What exactly did I have to fear tonight in the bar? Where should my fears have more appropriately laid instead?

-By Alia

6 comments:

Anonymous said...

I get the same feeling when I go into this bar near my home to pick up food and all these old middle class whites stare at me. That's just an ageist thing I guess.

Anonymous said...

Wow Alia, all I can say is, thank you for writing and sharing your fears. We all have them and I've worked for years on anti-racism dialogues and committees to try to get at it and it is so multi-layered and complex. Race is difficult enough and when you add class into it you're hitting the issue that American's can't seem to talk about but which drives so many dynamics.

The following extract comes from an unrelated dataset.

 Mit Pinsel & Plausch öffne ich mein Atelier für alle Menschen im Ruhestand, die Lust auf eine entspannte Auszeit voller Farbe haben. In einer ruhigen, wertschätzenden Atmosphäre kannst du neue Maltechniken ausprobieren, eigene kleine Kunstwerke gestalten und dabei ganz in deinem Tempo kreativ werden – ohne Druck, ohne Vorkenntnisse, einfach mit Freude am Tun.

I was just in Rochester yesterday and Thursday (I live in Syracuse) and as I enjoyed a fabulous yoga class at Breathe Yoga in Pittsford and then walked along the Erie Canal I remarked to my husband how odd it was that we saw no other black people than ourselves all morning. He reminded me that we'd have to go to the west side to see black folks. Hmmm. Things are no different here--we are the only people of color on our block. Yet, there are folks who are nervous or afraid of coming into the city (Syracuse) because of the unspoken reality that: there are poor black people there. It drives me crazy--we, our address and a handful of (mostly upper middle-class) black folk I know notwithstanding, live in a severely segregated city.

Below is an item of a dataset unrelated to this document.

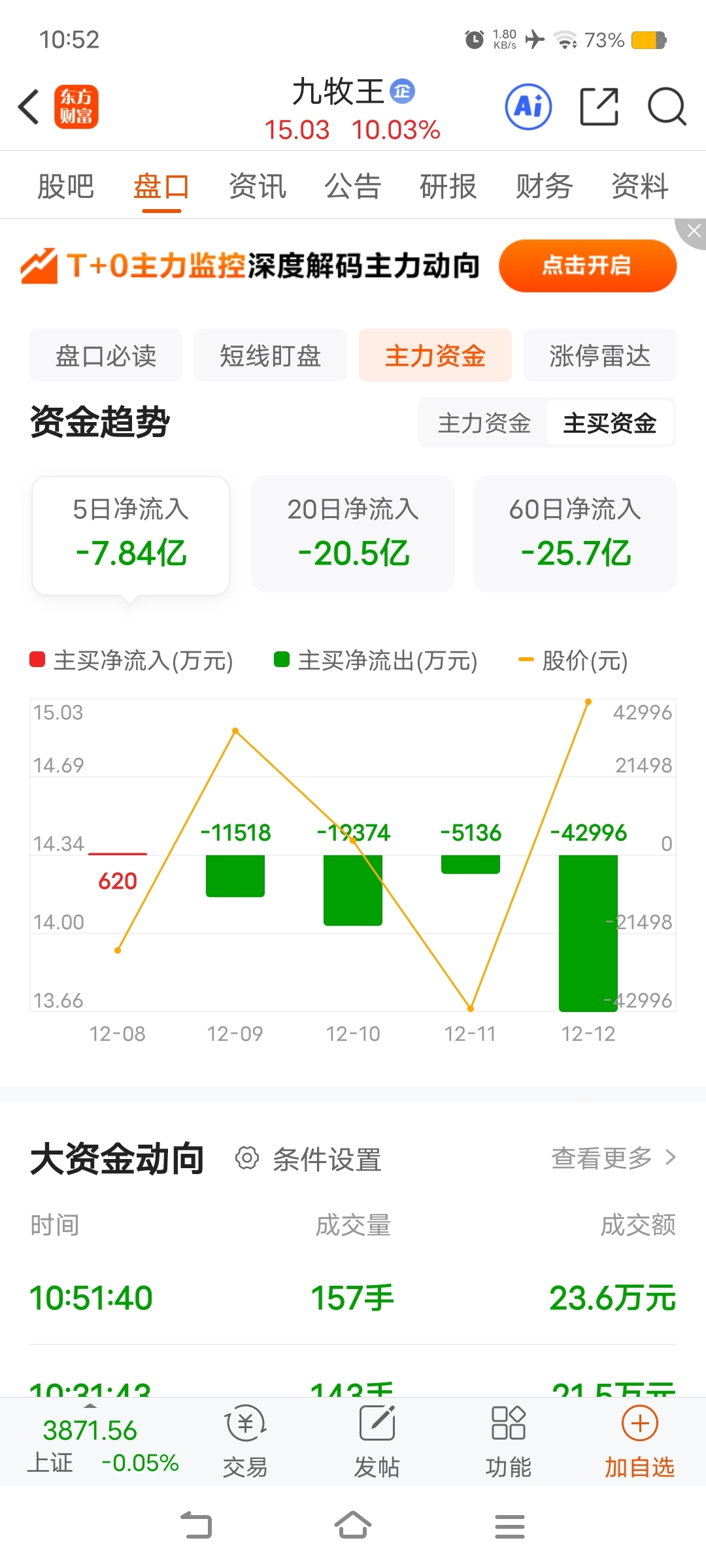 $九牧王(SH601566)$ 明显今天涨停主力在出货,大量资金卖出

Part of solving the issue has to do with relationships--building them and keeping them--between people of different races and classes. We don't mix enough in this country--let alone upstate New York. If we did, we might find ourselves a little less reticent about entering a bar such as the one you encountered and the folks at the bar might not have viewed you with what sounds like suspicion.

So how do we build relationships with people who are different from us? How do we decrease the fear factor given the way the media works? A good first step is owning our fear and then making a bridge. I hope your post really gets some conversation started.

Anonymous said...

This is a side note, one thing that I love about this website is that it brings out opinions and voices that might normally not be heard. So often in our society, we are told to defer to experts and leaders for the proper ideas and opinions. Not excepting the importance that the insight experts can give, this limits the voices that can be heard in society. Here, though, we can have a discussion on topics fastidiously ignored by the mainstream media (for example, classism, the persistence of racism and ageism), and we need not be "experts." I myself am a shoe salesman and a waiter and I know Alia files papers for a living... not exactly high profile intellectual careers, but any reader of this site can realize that our ideas are important and often powerful.

Getting to the topic of this very candid post. So much in our society works to divide us against one another and cause us to fear differences. Alia is right on the ball when she brings up Michael Moore's discussion of the "culture of fear" in Bowling for Columbine. Last year I attended a discussion lead by a man named Howard Eagle, a teacher in Rochester public schools, on racism. It was a liberating experience to be able to talk openly about something that festered within all of us.

One point that was brought up that I think deserves mentioning here is that there is a difference between black folk and white folk, or Haudenosaunee, or people of Chinese descent, etc. Of course, this does not deny the innate humanity within and deceny that should be accorded every human being. However, cultural differences do exist and are important. Part of the point of this website is to celebrate what makes those who live in Upstate New York different and unique form peoples who live in other places. This is not to deny the value of their traditions, but to say that our own are valuable as well. This point was particularly important in the discussion group with Mr. Eagle because several non-white members of the community brought up how they often felt that white anti-racist action (especially originating from the middle class) often worked towards integration, or what they felt was the erasing of their unique heritage. People of color, whether they be Native Americans or Tunisian-Americans, are often put in the corner where they are told to "integrate" and copy the whites (something that is, of course, difficult if not impossible) or be condemned for "reverse racism," or something similar.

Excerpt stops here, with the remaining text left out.